The first method appears to be ample for the intended purpose, but it suffers from slow performance in practical use, a very limited domain of applicability, and very difficult self test placement problems. The complexity of detecting and locating a given test appears to be very high. The probability of finding a systematic forgery technique in a given amount of time is at least as low as the probability of breaking the RSA [3] cryptosystem in that amount of time. The probability of creating undetected information corruption can be made arbitrarily small by using sufficiently long keys. It thus appears that this technique is sufficient for some purposes, and that a compiler that produces 'self defending' code may be practical.

The use of the later method in preventing illicit modification and resale of copyrighted software may be practical, although it does not prevent reuse in the original form. This allows the copyright notice to be forcibly maintained as long as the program operates, and may aide in the detection and prevention of copyright violations.

Both methods offer hope for preventing illicit modification of information, and thus of improving the integrity of software and data stored in computer systems. It is hoped that further work will lead to the practical maintenance of integrity in future systems.

We note that a sufficient amount of corruption can always prevent the detection of the corruption by self test techniques. With these techniques, it is expected that such corruption would prevent operation of programs, and thus the corruption would be trivially detected by the user as denial of services. These techniques only prevent corruption from going undetected.

Further Work

Improvements to the techniques above may afford a more reasonable means of protecting information from modification, and may allow a run time implementation of self test for data files.

The use of semantic information in conjunction with syntactic information in the storage and retrieval of information may make this possible. This is (in essence) the effect of having a limited set of programs able to modify data. The modification programs comprise the semantics associated with the data.

Evolutionary algorithms for interleaving programs are only in their infancy, and much work in this area is expected. Close ties are seen here to biological systems, and a mathematical theory of evolution would be an intriguing work in both domains.

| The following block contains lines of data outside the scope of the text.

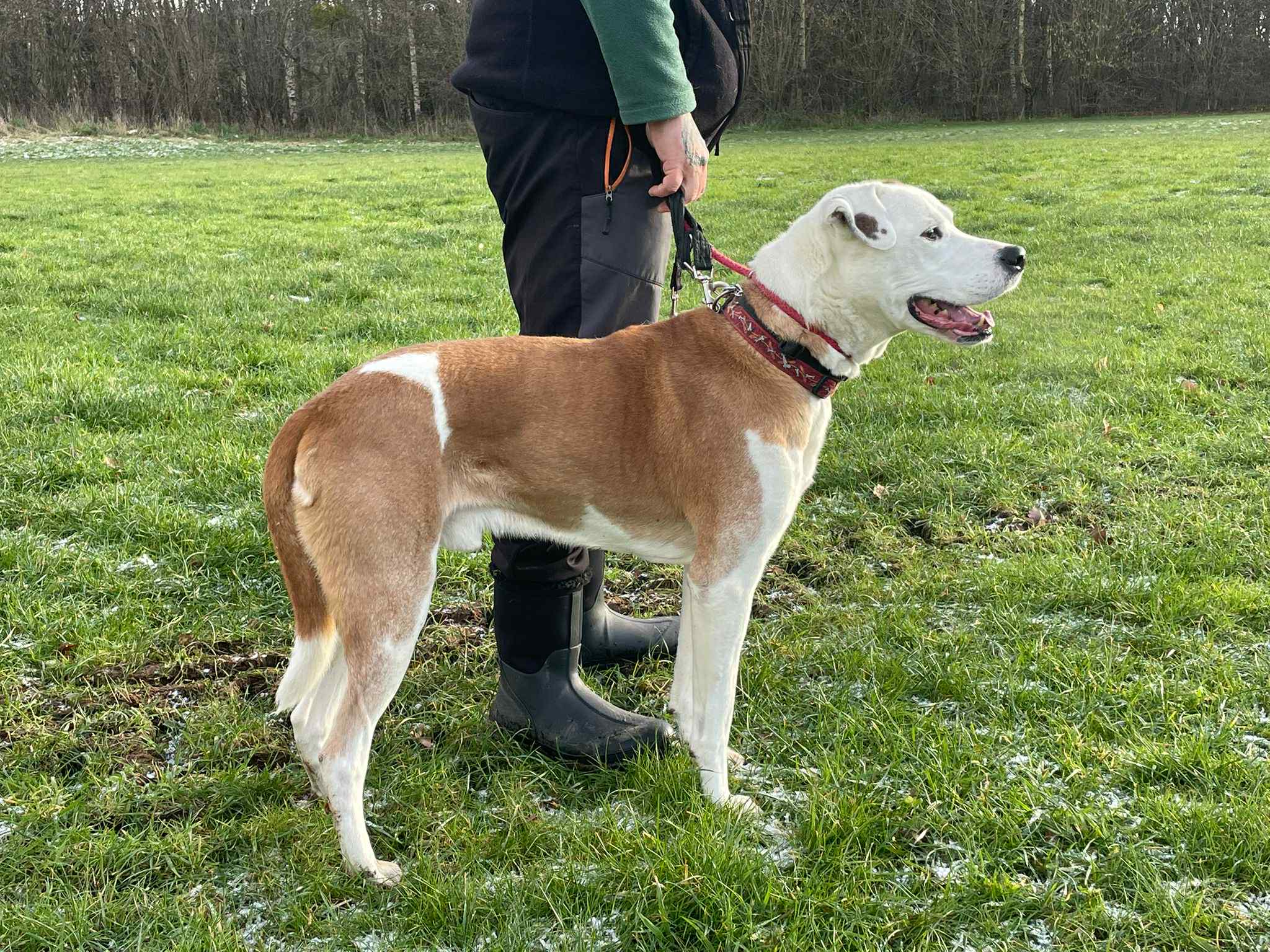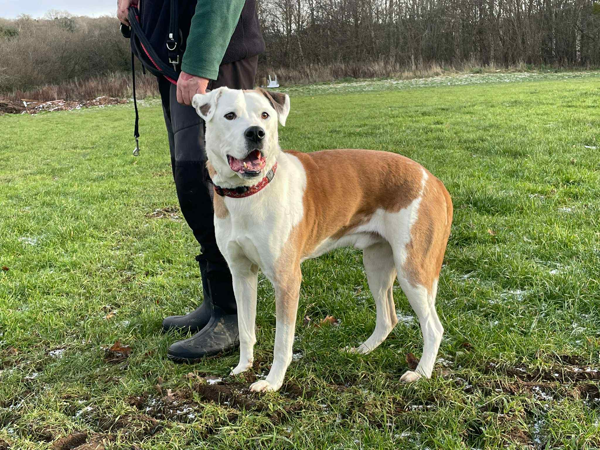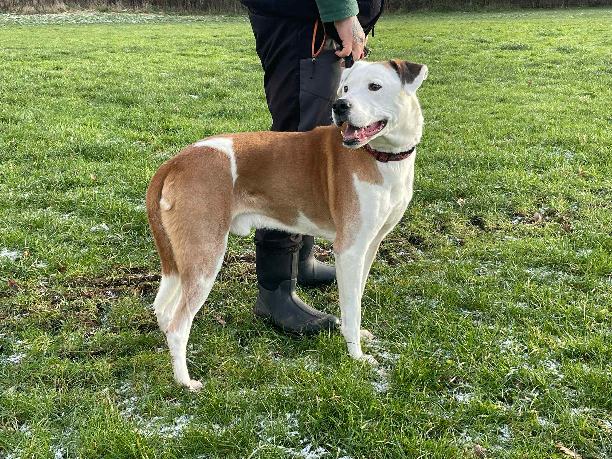 On the lead he is walking so much better on a Gencon head collar, he may well need an owner who is physically strong enough to hold him should he decide to pull as he is a big dog and as such can be strong but on the whole he does walk really well.
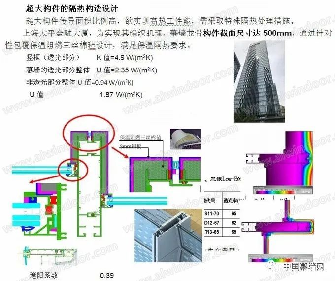 提高幕墙的保温、隔热性能,可以通过提高组成幕墙的玻璃等面板、型材、保温材料和玻璃与框之间衬垫材料构件的相关热阻,例如单玻璃改为中空玻璃、中空玻璃改用双中空或多层化、采用高性能多银Low-E膜,或幕墙体系采用多层组合构造,例如采用双层幕墙、外设遮阳百叶等,或采用能动态控制,例如电致变玻璃构件、智能控制遮阳百叶等。无论采用哪种策略,其龙骨断热方式、面板热特性和保温材料选择决定其热工性能。
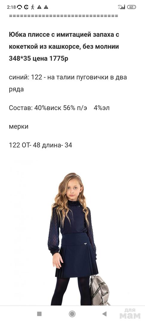 Здравствуйте. В наличии размер 122, верно? Юбка плиссе с имитацией запаха с кокеткой из кашкорсе, без молнии 348*35 цена 1775р учёт синий

Error detection is sufficient for detection of integrity corruption, but does not allow the correction of errors. Coding theory indicates that error correction should be possible if enough redundancy is used, and little enough corruption is performed to allow this redundancy to act properly.

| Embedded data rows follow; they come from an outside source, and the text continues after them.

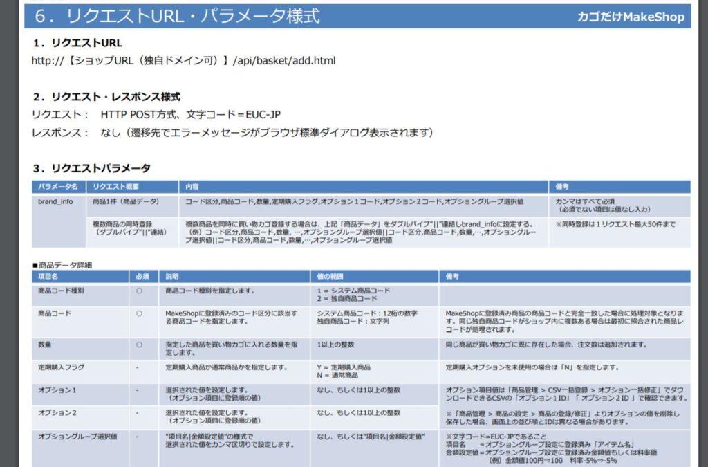 Makeshopのカートへ送るリクエストのうち、商品データ部分の仕様書がこれ。
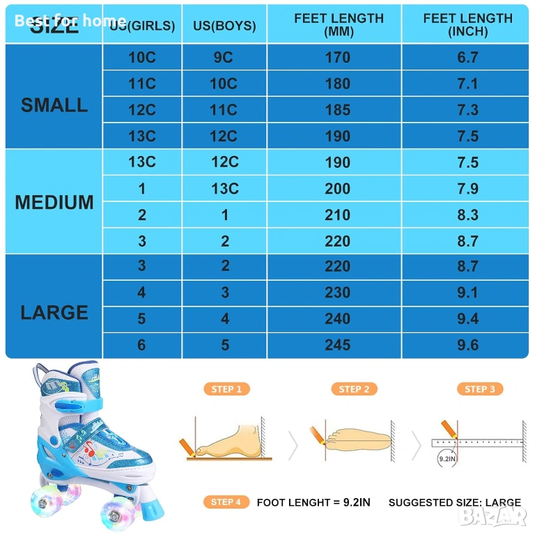 【Регулируеми детски ролкови кънки】 Лесно регулируемият бутон за регулиране на детските ролкови кънки позволява на детето да расте през цялото му детство. Три размера за избор: S: 10C-13C (170 мм-190 мм), M: 13C-3Y (200 мм-220 мм), L: 3Y-6Y (225 мм-245 мм).
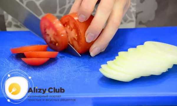 - Почистить и нарезать тонко полукольцами 4 луковицы.
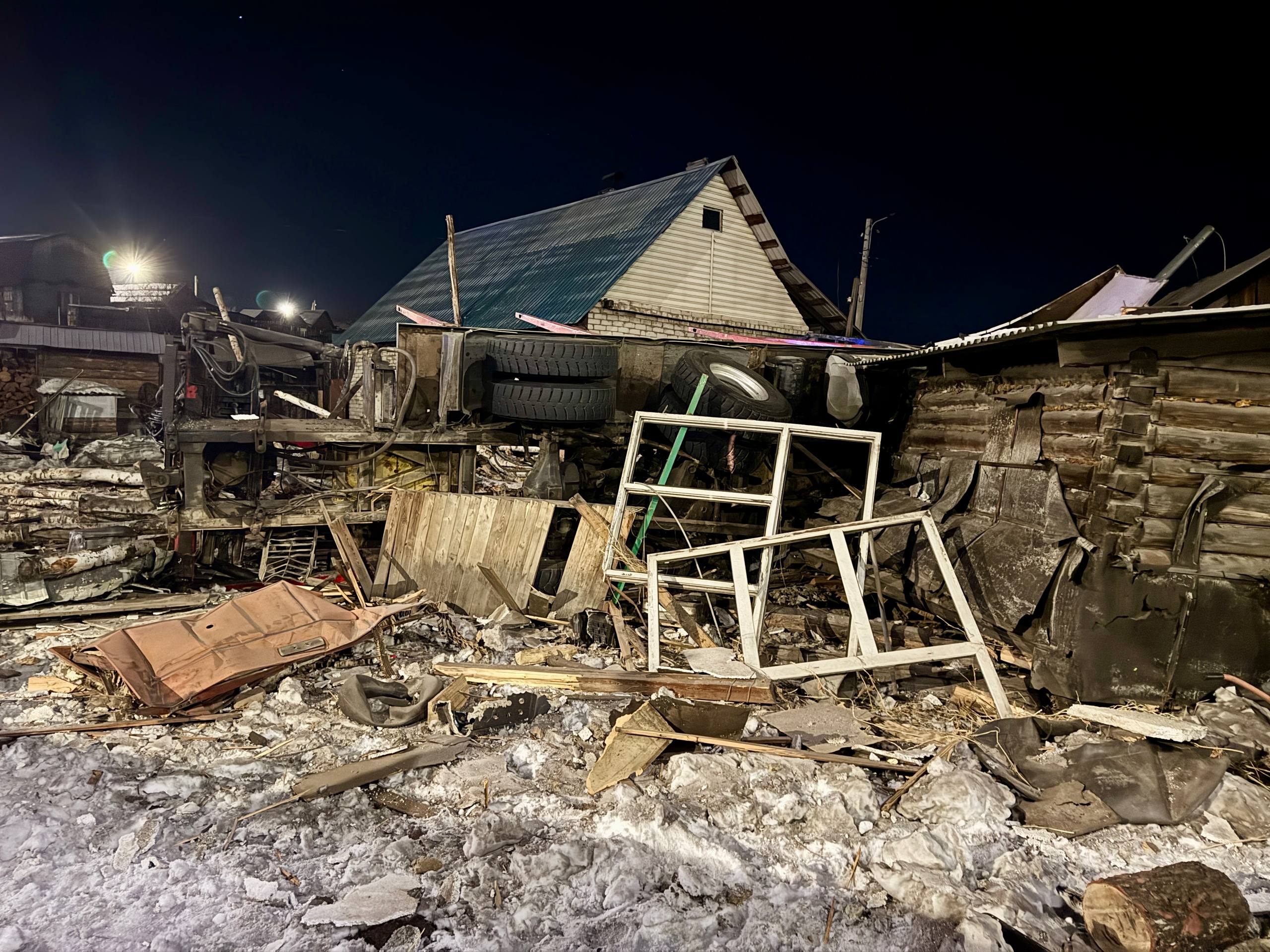 По предварительным данным, водитель большегрузного транспортного средства, двигаясь по населенному пункту, не справился с управлением и допустил съезд с дороги с дальнейшим наездом на придомовую территорию.
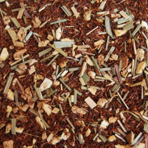 El rooibos no tiene cafeína, así que lo podés tomar en cualquier momento del día. Tiene un sabor cítrico con ese toque picante del jengibre que te reconforta desde el primer sorbo.
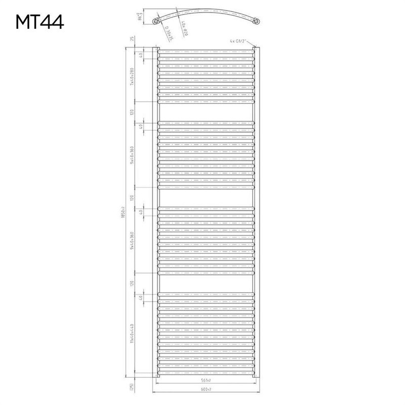 - Vykurovací rebrík, oblý, 600x1850 mm, biely

The second technique for integrity maintenance touched on an interesting area called generative program protection. This area is based on the idea that programs can be designed so as to generate code which actually performs the desired function. This is very similar to the genetic code with which DNA produces living beings. It is thought that the complexity of determining a valid genetic modification to a complex organism is extremely difficult. This is the reason that genetic engineering is yet unable to design a human being to specifications.

Hardware assisted program protection is also possible. If we back away from our assumption that everything is subject to illicit modification, and assume rather that only a very limited amount of the system is protected from corruption, we may be able to apply these techniques in such a manner as to remove all of the remaining problems.

References @begin(verbatim)

[1] F. Cohen, "Computer Viruses - Theory and Experiments" IFIP-Sec Conference Proceedings July, 1984, also in 7th Conf. on Comp. Sec. Aug. 1984

[2] D. Knuth, "Seminumerical Algorithms" Section 4.3, Addison-Wesley Publishing Company, 1969

[3] R. Rivest, A. Shamir, L. Adleman, "A Method for Obtaining Digital Signatures and Public Key Cryptosystems", CACM V21#2 (Feb. 1978) PP120-126

[4] D. Chaum, "Advances in Cryptography 83", Plennum Press.